L’ultimo episodio è avvenuto sabato scorso, 12 marzo, quando agenti di polizia hanno impedito al Ccc di tenere un raduno a Mavhunga, a est di Harare, ufficialmente per “garantire pace e stabilità”. Numerose le denunce il mese scorso, in un’escalation culminata il 27 febbraio con la morte di una persona, trafitta da una lancia, e il ferimento di altre 17, quando una banda composta da giovani dello Zanu-Pf armati di machete, lance e spranghe, ha attaccato i sostenitori della Ccc, interrompendo un raduno a Kwekwe, a nord-est della capitale.
Il giorno precedente la polizia aveva ha usato cani e gas lacrimogeni per disperdere la principale convention del partito di opposizione a Gokwe, a sud-ovest di Harare, per presunta violazione delle norme anti Covid, mentre a pochi chilometri di distanza, il presidente Mnangagwa pronunciava senza ostacoli un suo discorso alla folla.
Il 18 febbraio è stato diffuso sui social il video di poliziotti che aggredivano sostenitori del Ccc nella capitale e lo stesso giorno i leader della chiesa cattolica del paese hanno esortato le istituzioni a condurre elezioni pacifiche, invitando le forze di sicurezza a evitare “comportamenti scorretti”.
Il giorno seguente il Ccc denunciava l’arresto, effettuato casa per casa, di almeno 80 sostenitori dell’opposizione a Masvingo, a sud-est della capitale, e il 20 febbraio il leader del Ccc, Chamisa, accusava la commissione elettorale di aver tentato di truccare le elezioni manipolando le liste elettorali. Chamisa lo fece anche nel 2018, quando ricorse alla Corte costituzionale contro il risultato delle elezioni che assegnarono la vittoria a Mnangagwa.
L’ultimo rapporto dello Zimbabwe Peace Project (Zpp), certifica una crescita del 41% delle violazioni dei diritti umani a febbraio, per il 37% compiute dalla polizia. La maggior parte delle vittime, circa l’89%, sono comuni cittadini, e il 9% dei sostenitori del Ccc.
L’aumento delle violenze sugli oppositori, denunciato nelle scorse settimane anche dal Forum delle ong per i diritti umani dello Zimbabwe, ha richiamato nei giorni scorsi anche l’attenzione di alcuni paesi occidentali -Unione europea e le ambasciate di Gran Bretagna, Stati Uniti, e Australia – che hanno condannato la violenza contro la coalizione di Chamisa.
Un intervento che non è piaciuto al presidente Mnangagwa che, fedele al suo soprannome, “coccodrillo”, ha risposto facendo notare ai diplomatici stranieri che gli è consentito fare da osservatori delle elezioni, ma che la sua amministrazione non consentirà alcuna interferenza.

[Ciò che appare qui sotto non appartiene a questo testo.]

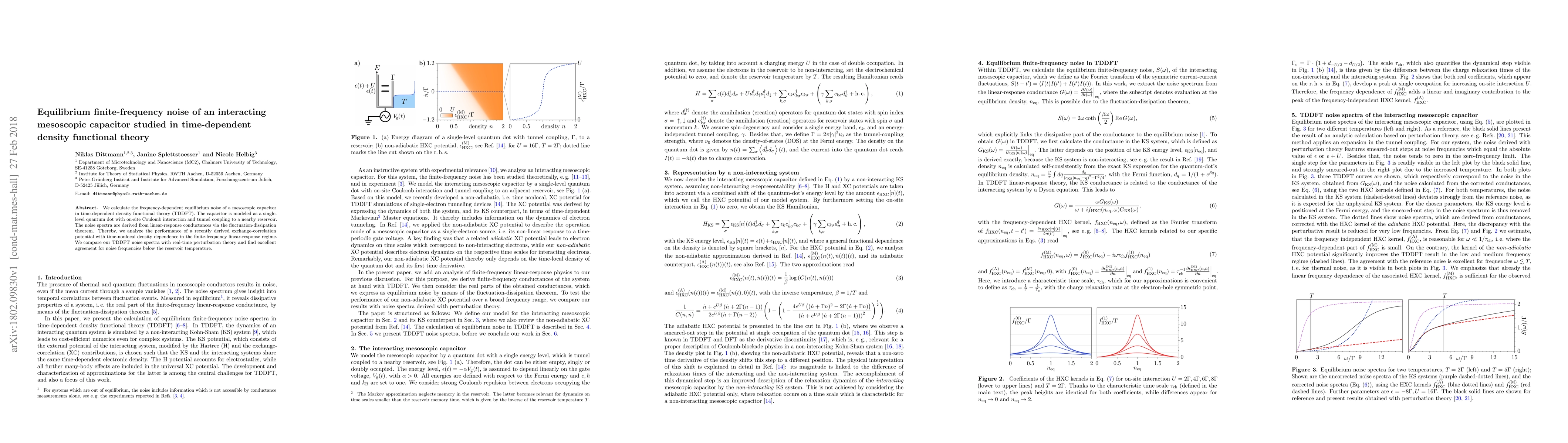 We calculate the frequency-dependent equilibrium noise of a mesoscopic capacitor in time-dependent density functional theory (TDDFT). The capacitor is modeled as a single-level quantum dot with on-site Coulomb interaction and tunnel coupling to a nearby reservoir. The noise spectra are derived from linear-response conductances via the fluctuation-dissipation theorem. Thereby, we analyze the performance of a recently derived exchange-correlation potential with time-nonlocal density dependence in the finite-frequency linear-response regime. We compare our TDDFT noise spectra with real-time perturbation theory and find excellent agreement for noise frequencies below the reservoir temperature.

«È davvero un peccato che mentre lo Zimbabwe si prepara per le elezioni generali del 2023, alcune forze stiano già cercando di influenzare il discorso nazionale e destabilizzare la pace e la stabilità di cui stiamo godendo come paese», ha affermato nel suo discorso il presidente, accusato d’aver instaurato un regime perfino più repressivo di quello del suo predecessore Robert Mugabe, al potere dal 1987 al 2017, quando, a 93 anni, fu deposto dai militari e sostituito da Mnangagwa.
Il quadro generale del paese è ben fotografato dall’analista dell’Università sudafricana di Città del Capo, Brian Raftopoulos, sul Daily Maverick: “Mentre lo Zimbabwe si avvicina alle elezioni del 2023, la battaglia per realizzare la prima sostanziale transizione democratica nel periodo postcoloniale appare desolante. Con i militari che continuano a svolgere un ruolo centrale nella politica dello Zanu-Pf, in particolare dopo il colpo di stato del 2017, la logica autoritaria del precedente regime di Mugabe si è solo accentuata”.